My question, however, is: how do I determine the starting point? Forgive me, for this is well outside my area of expertise. Not entirely sure if this is a ROOT question or a mathematical question, however some people seem to think this is a ROOT question.

I think you also have to change the first parameter of the TF2 ctors to something unique instead of having f1 written everywhere.

Finally, according to your code, x1=x2=x3=[0], y1=y2=y3=[1], x2=x3=x1=[2], y2=y3=y1=[3], t2=t3=[5], and t1=t2=[6] – I’m afraid this does not make any sense to me.

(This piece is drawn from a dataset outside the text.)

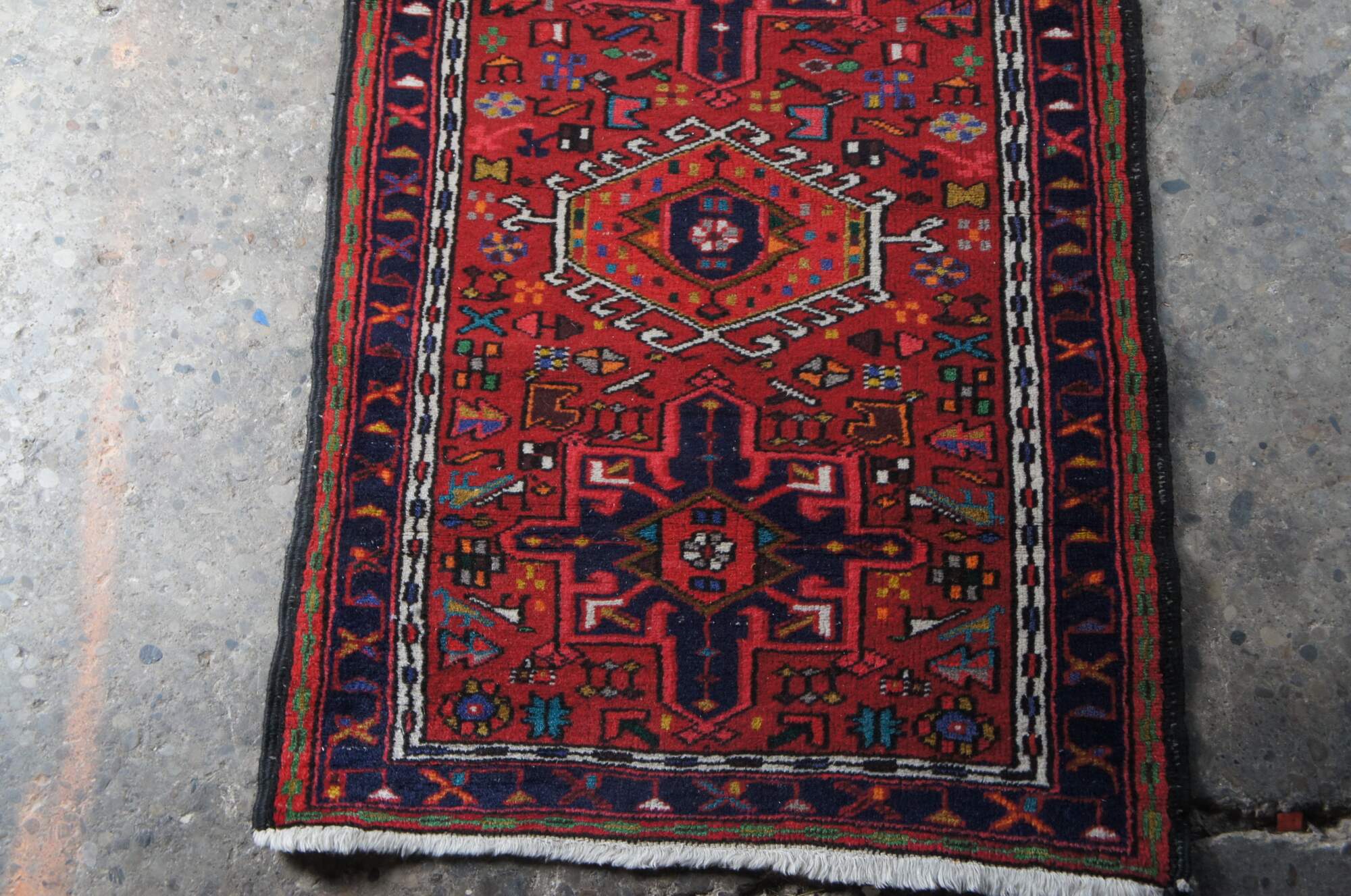 Post WWII NW Persian Vintage rug runner or mat from the Heriz-Karadja villages area, circa 1950-60s. Features 100% wool pile and geometric designs of blues, purples, orange, browns, grey, beige, green, gold and yellow over a field of red. Made with a depressed weave structure and synthetic dyes. A rug that was built to last. Made in Iran

You have to have 10 parameters for such system, you only have seven.

I’m sorry this is far from the answer you are hoping for, but I’m no expert in the MultiRootFinder.

Oh, yes, whoops. Instead of copying and pasting, as I should have, I typed this up in a hurry and made some really stupid mistakes, it seems (including, as you pointed out, changing the first parameter of the TF2’s… you’re absolutely correct here, they should be unique). These aren’t, of course, present in the actual code.

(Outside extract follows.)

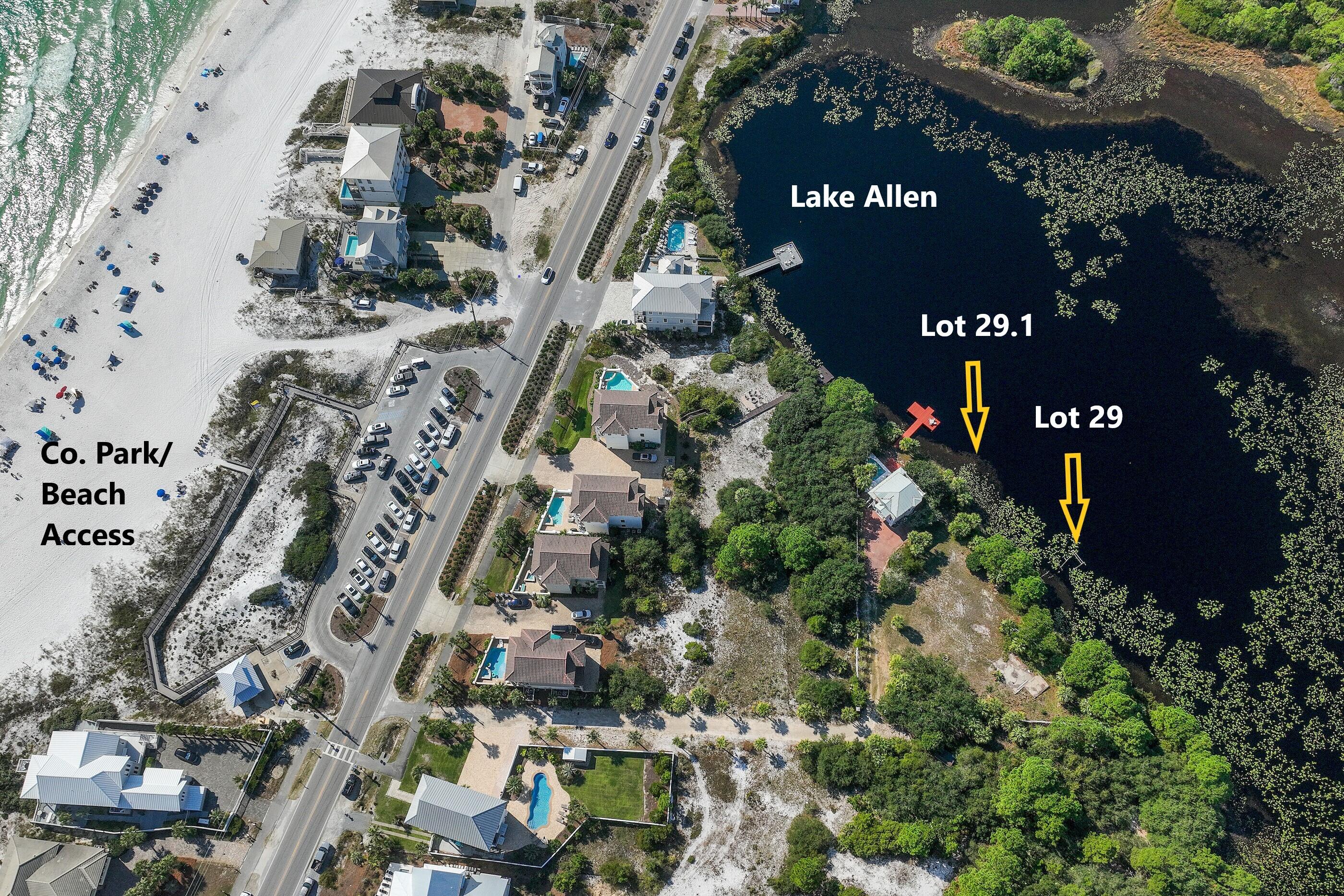 Rare Opportunity! 2 sizable, adjacent lots of record on premier coastal dune Lake Allen. Private setting totaling .84 acres with 334' lake frontage on pristine natural sanctuary in Dune Allen Beach. Only +-128 yards via private driveway to Fort Panic County Park/Beach Access. No HOA-County code applies. Zoned 'Neighborhood Infill.' Future Land Use 'Residential.' CDLPZ setback 50' from shoreline; 4 story 50' height limit; all Flood zone 'X' except immediate shoreline. Main & Carriage Houses allowed on each parcel. Panoramic lake views with possible Gulf views from multi-story residence.

What I need is probably in the ROOT docs, but unfortunately I’m unable to access those right now for some reason… All I have is the bookmarked tutorial above.

As it seems, the solution (or a solution, anyhow) is to convert the equations in to polynomials (which is a trivial task, of course), and then to rescale the domain such that both unknowns necessarily lie in [0,1].

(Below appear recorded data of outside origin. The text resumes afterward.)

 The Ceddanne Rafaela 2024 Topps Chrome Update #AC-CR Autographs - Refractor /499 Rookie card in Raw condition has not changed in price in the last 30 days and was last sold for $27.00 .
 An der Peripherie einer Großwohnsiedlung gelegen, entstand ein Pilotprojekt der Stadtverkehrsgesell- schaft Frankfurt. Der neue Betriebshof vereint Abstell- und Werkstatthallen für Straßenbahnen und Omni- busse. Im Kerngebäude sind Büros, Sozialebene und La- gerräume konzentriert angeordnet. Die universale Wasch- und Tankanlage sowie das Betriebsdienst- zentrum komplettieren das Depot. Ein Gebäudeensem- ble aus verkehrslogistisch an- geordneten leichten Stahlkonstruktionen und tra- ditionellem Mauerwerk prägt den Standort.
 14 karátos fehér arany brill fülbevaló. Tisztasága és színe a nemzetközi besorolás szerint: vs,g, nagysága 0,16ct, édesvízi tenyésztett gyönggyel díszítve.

Now, we express these polynomials as linear combinations of Bernstein basis polynomials. This is useful as we can now use the convexitivity property of Bernstein polynomials to rule out entire “regions” of the range, getting effectively an arbitrarily close estimate of the roots.
…
An alternative, simpler solution is to begin with a (very) rough estimate given by the center of the circle circumscribed by the the three coordinates [x_i,y_i]. It isn’t immediately clear to me how this is effective, as opposed to the above solution, however it seems that it works.

In the end, any estimate will work provided enough iterations, however some will be a lot slower than others.